106 et coll. 1992). L’immersion prolongée est accompagnée d’une diminution progressive du

volume plasmatique au fur et à mesure de la poursuite de l’immersion (Greenleaf 1984, Johansen et coll. 1992). Lors de l’expérimentation « Immersion de Longue Durée » que nous avons effectuée en 2004 en collaboration avec l’Institut de Médecine Navale du Service de Santé des Armées de Toulon (Etude n° 8), nous avons observé une diminution progressive du volume plasmatique (calculée d’après les modifications de concentration sanguine en hémoglobine et d’hématocrite ; Dill et Costill 1974) au cours d’une immersion complète à 18°C. La variation de volume plasmatique était de –0,7 ± 2.3 % après 30 min, –3,6 ± 2,8 % après 1h, –11,0 ± 2,2 % après 3h et –14,3 ± 2,5% après 6h. De surcroît, la diminution de volume plasmatique que nous avons observée au cours de l’immersion est vraisemblablement sous estimée (Johansen et coll. 1998b, Gordon et coll. 2003).

Malgré cette diminution progressive du volume plasmatique, la plupart des études portant sur les effets d’une immersion prolongée décrivent un état relativement stable des conditions hémodynamiques et des facteurs neuroendocriniens qui les régulent. Par exemple, après la première heure d’immersion, l’augmentation de la pression veineuse centrale est maintenue ou légèrement diminuée (Norsk et coll. 1985, Gabrielsen et coll. 1993, Johansen et coll. 1995) et les concentrations des différents médiateurs (ANP, angiotensine, aldostérone, rénine active, hormone antidiurétique…) varient peu (Norsk et coll. 1985, Kurosawa et coll. 1988, Epstein et coll. 1989, Hammerum et coll. 1998). D’un autre côté, les concentrations en adrénaline et noradrénaline diminuent en début d’immersion, mais ré-augmentent progressivement lorsque l’immersion se prolonge (Hammerum et coll. 1998).

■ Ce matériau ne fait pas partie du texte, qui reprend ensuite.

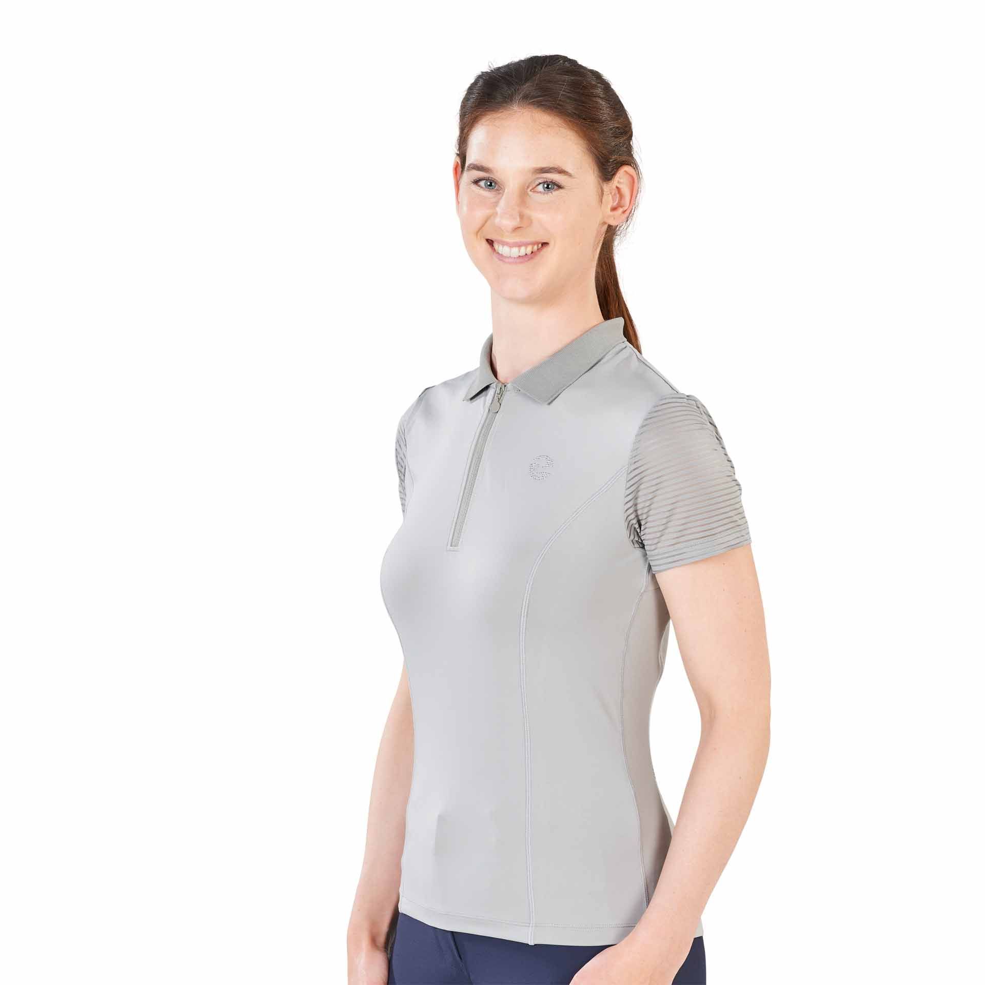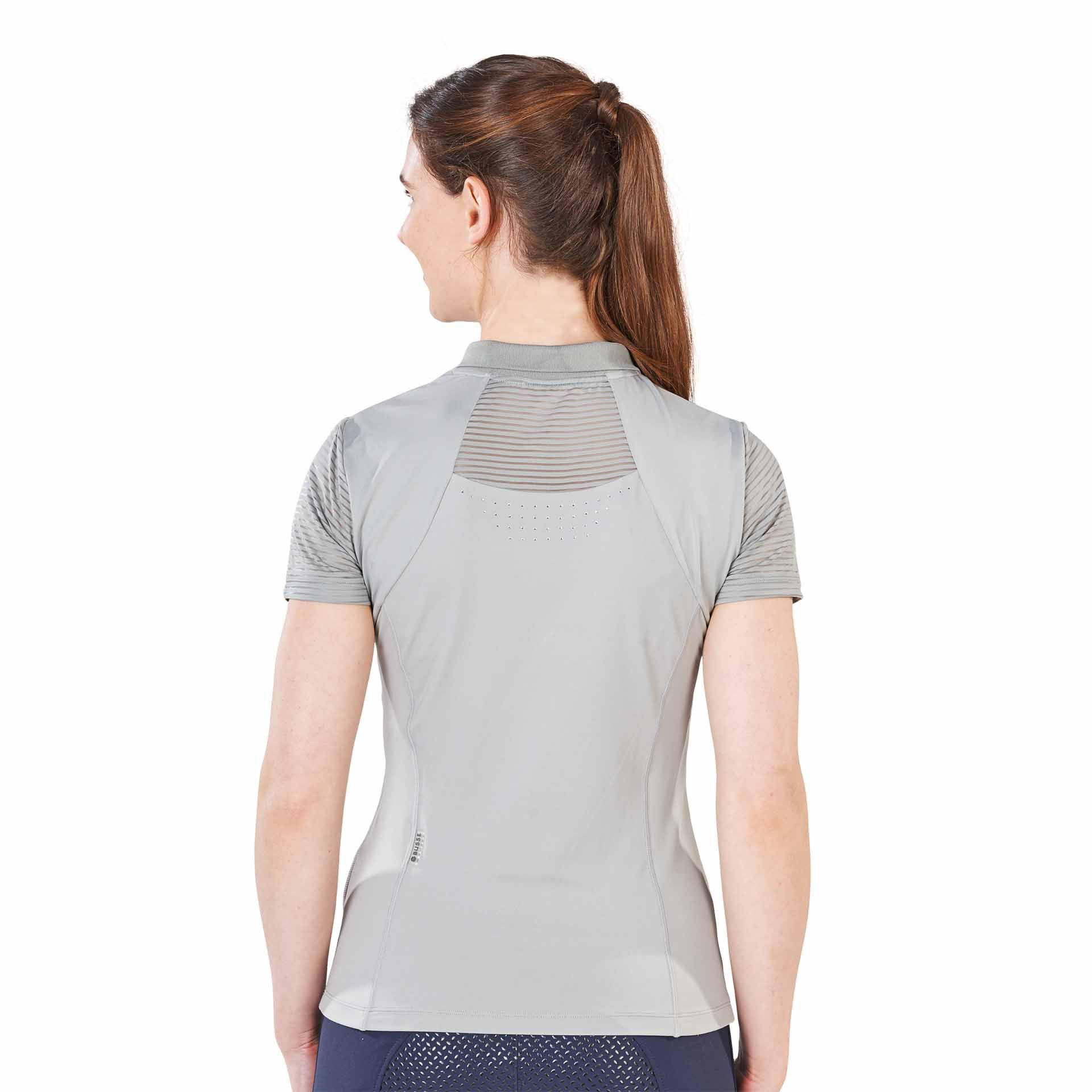 Questa polo presenta diverse funzionalità specifiche per i cavalieri: materiale funzionale in 4-Way-Stretch, soffice e ad asciugatura rapida, per un comfort ottimale e libertà di movimento durante la guida; tessuto a rete a righe traspirante sulle maniche e nella parte superiore della schiena, per un comfort climatico ottimale anche durante l'attività sportiva; cuciture flatlock per ridurre il gonfiore e l'abrasione indesiderati.
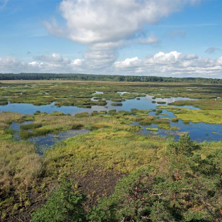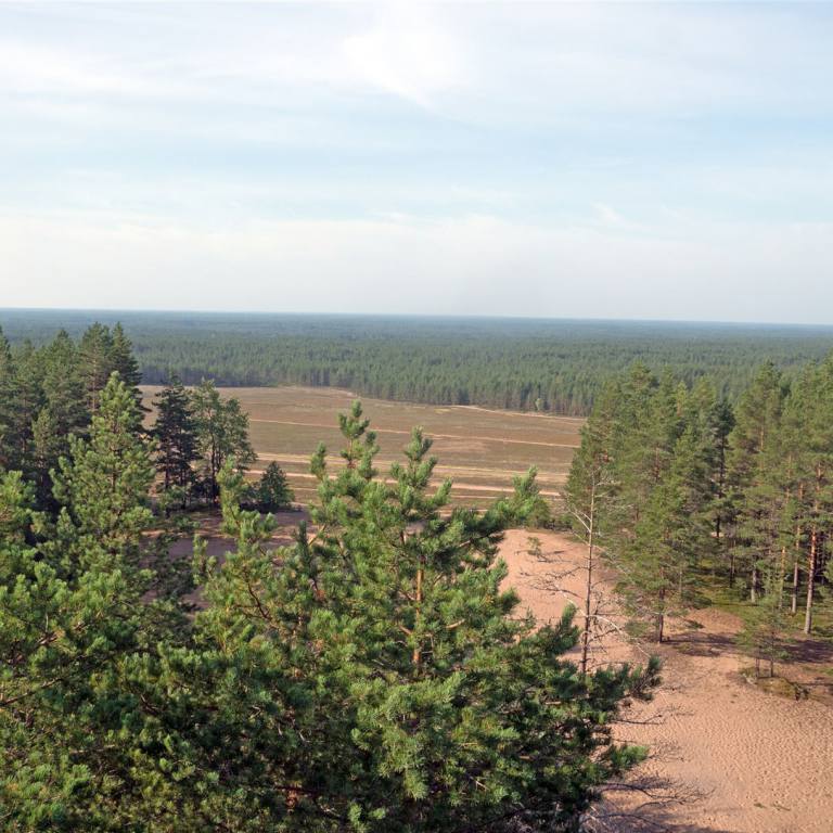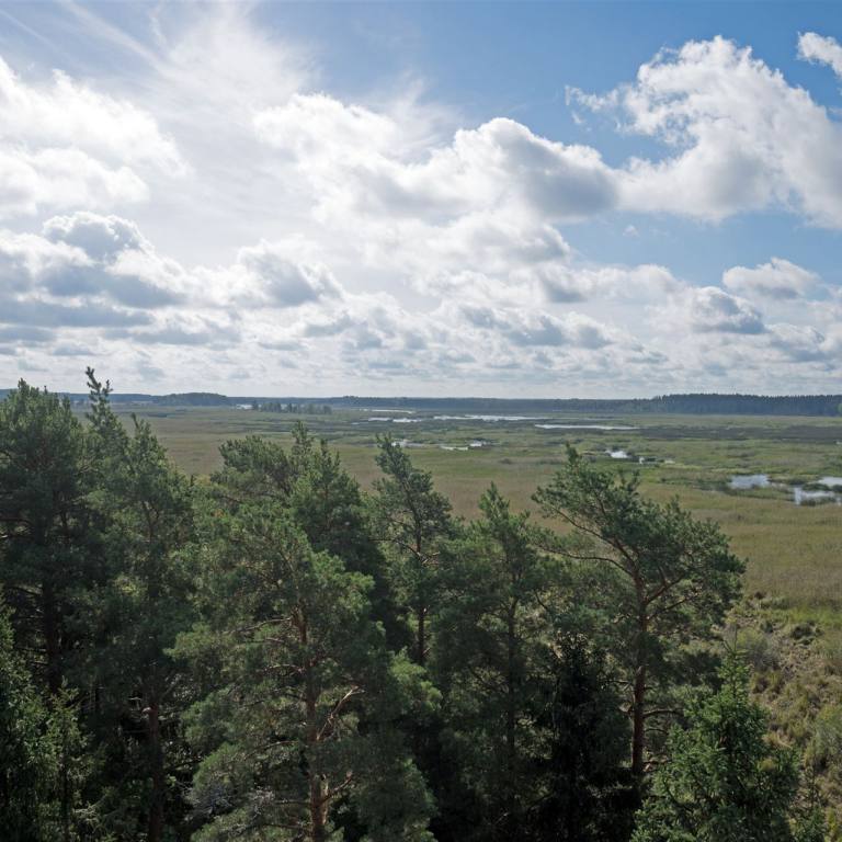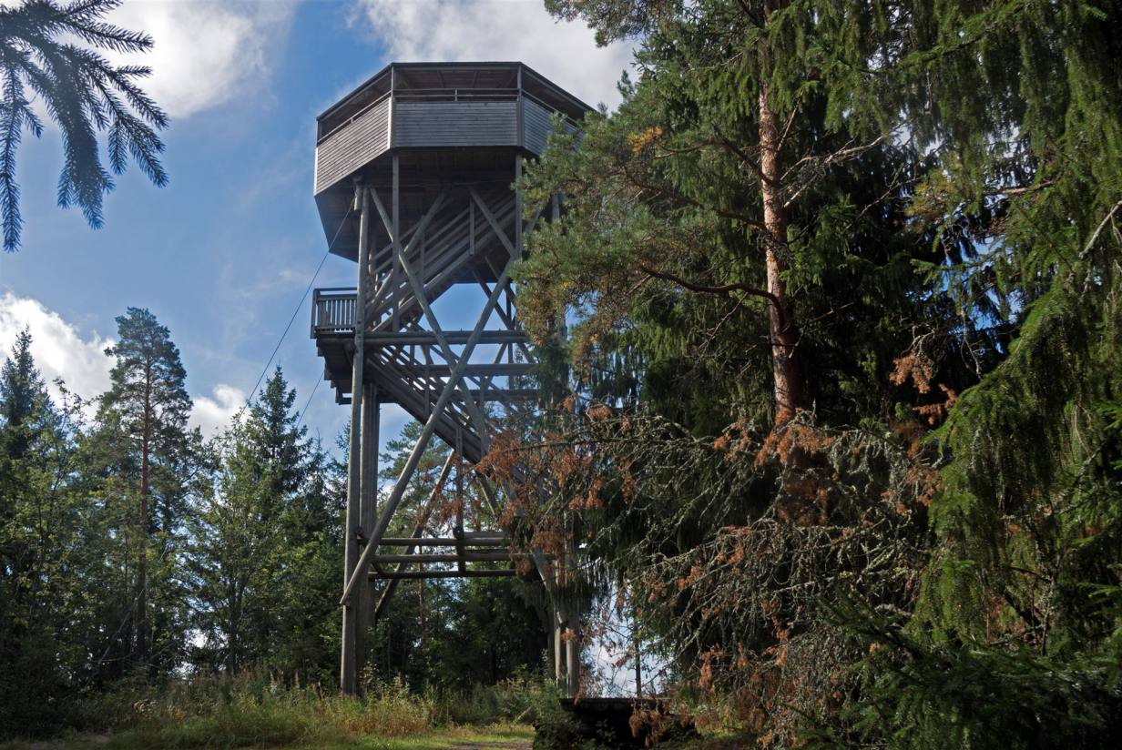 Ich habe in Pori auf dem Areal des Sportzentrums übernachtet. Nachdem es gestern geschüttet hat war es heute morgen widererwarten schön mit blauem Himmel und Schönwetterwolken. Nach meiner Planung von gestern Abend geht es heute zuerst in einen Nationalpark südlich von Pori. Er nennt sich Puurijärvi-Isosuo. Es gibt verschiedene Beobachtungsorte. Ich war beim Karjenkallio. Ein gut beschilderter Parkplatz bietet auch für grosse Fahrzeuge genug Platz. Ein Weg führt durch einen Wald. Nach 400 m kommt man zum ersten Beobachtungspunkt. Der Park wurde 1993 gegründet und ist 27 Km2 gross. Von dort aus sieht man eine grosse Sumpflandschaft aber nur wenige Vögel. Ich lief weitere 400 m zu einem wahrhaft grossen Turm. er hat eine Höhe von 18 m und ist aus riesigen Holzstämmen gezimmert. Eine Leiter führt auf eine grosse Plattform.

La diminution du volume plasmatique au cours de l’immersion traduit un état de déshydratation. Celui-ci a bien observé au cours d’une expérimentation effectuée en 1999 à Toulon, en collaboration avec l’Institut de Médecine Navale du Service de Santé des Armées (Moléna-Sérafin 2003). Les mesures échocardiographiques ont permis de mettre en évidence un VES et un Q

.

c significativement moindres après 5h d’immersion qu’après 15 min. Lors de l’expérimentation « Immersion de Longue Durée », nous avons observé une tendance à la diminution du VES entre la première demi-heure (66,5 ± 3,6 à 18°C et 70,8 ± 7,0 à 10°C) et la 5è heure (65,7 ± 4,0 mL à 18°C et 67,0 ± 6,0 à 10°C). La diminution progressive de la pression veineuse centrale, du VES, de la natrémie, rapportée par Stadeager et coll. (1992) au cours de 12 h d’immersion, relève du même phénomène. L’augmentation progressive des concentrations en adrénaline et noradrénaline (Hammerum et coll. 1998) et des RPT associée

à une baisse de la compliance artérielle (Moléna-Sérafin 2003) au cours d’une immersion de 6h pourrait traduire un début de réponse à cet état de déshydratation.